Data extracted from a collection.
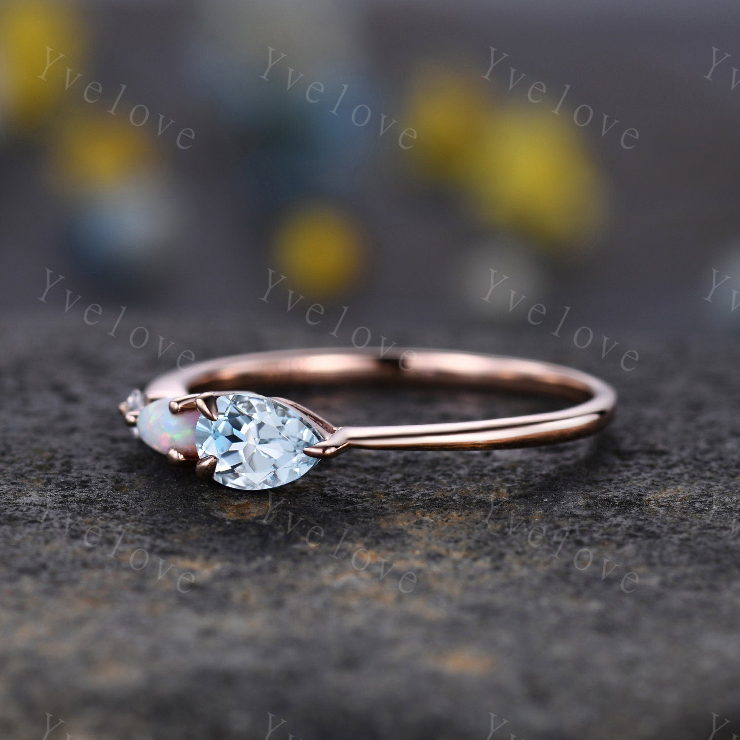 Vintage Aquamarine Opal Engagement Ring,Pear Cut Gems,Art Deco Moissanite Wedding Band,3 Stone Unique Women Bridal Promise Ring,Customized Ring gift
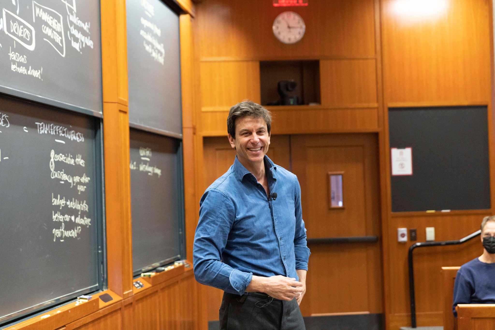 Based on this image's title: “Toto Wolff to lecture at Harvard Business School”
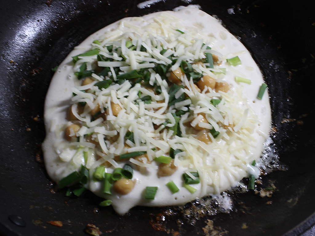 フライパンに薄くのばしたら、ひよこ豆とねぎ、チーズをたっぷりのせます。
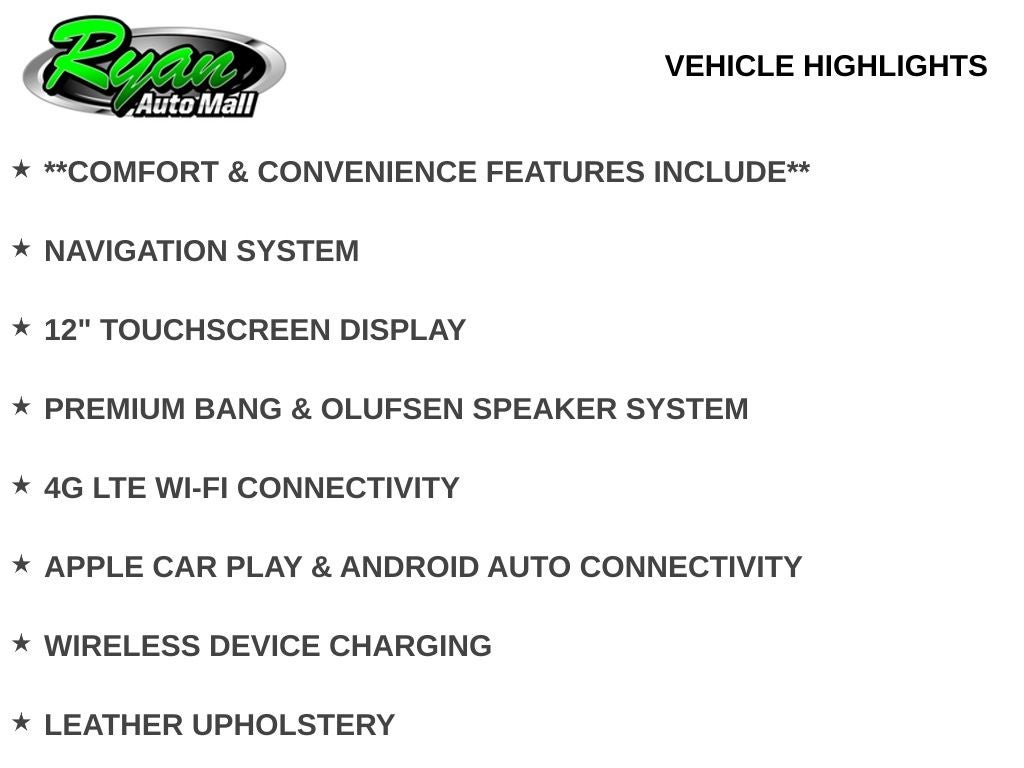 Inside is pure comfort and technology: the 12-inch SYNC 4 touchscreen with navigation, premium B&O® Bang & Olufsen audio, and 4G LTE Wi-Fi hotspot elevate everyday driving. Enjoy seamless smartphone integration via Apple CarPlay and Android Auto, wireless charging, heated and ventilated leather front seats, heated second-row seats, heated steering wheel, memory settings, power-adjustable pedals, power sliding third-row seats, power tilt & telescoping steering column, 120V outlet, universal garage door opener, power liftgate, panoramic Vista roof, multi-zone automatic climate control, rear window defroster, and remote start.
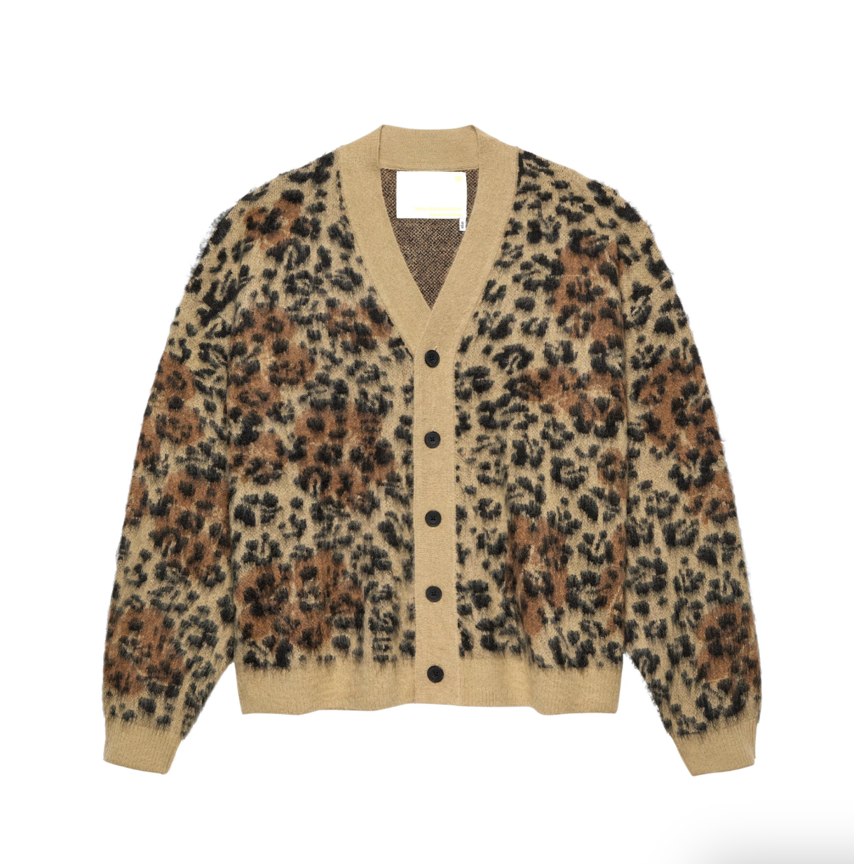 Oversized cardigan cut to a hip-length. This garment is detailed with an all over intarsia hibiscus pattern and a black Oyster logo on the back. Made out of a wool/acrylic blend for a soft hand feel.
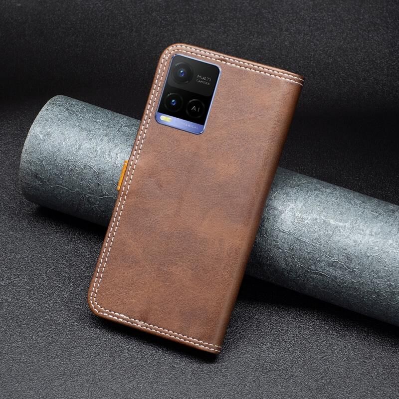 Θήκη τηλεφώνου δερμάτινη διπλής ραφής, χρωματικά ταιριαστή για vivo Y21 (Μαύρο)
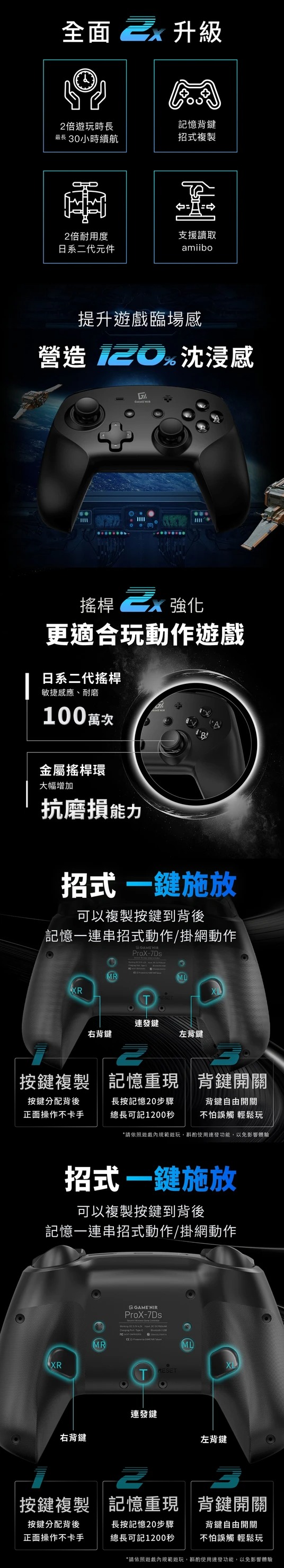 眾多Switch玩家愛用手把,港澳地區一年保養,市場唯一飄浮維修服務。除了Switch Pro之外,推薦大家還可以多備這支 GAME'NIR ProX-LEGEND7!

Task brief.
In the answer, repeat exactly the lines from the top of the entries above through the line with "フライパンに薄くのばしたら、ひよこ豆とねぎ、チーズをたっぷりのせます。", and leave pictures out of it.

Solution to this problem.
 Vintage Aquamarine Opal Engagement Ring,Pear Cut Gems,Art Deco Moissanite Wedding Band,3 Stone Unique Women Bridal Promise Ring,Customized Ring gift
 Based on this image's title: “Toto Wolff to lecture at Harvard Business School”
 フライパンに薄くのばしたら、ひよこ豆とねぎ、チーズをたっぷりのせます。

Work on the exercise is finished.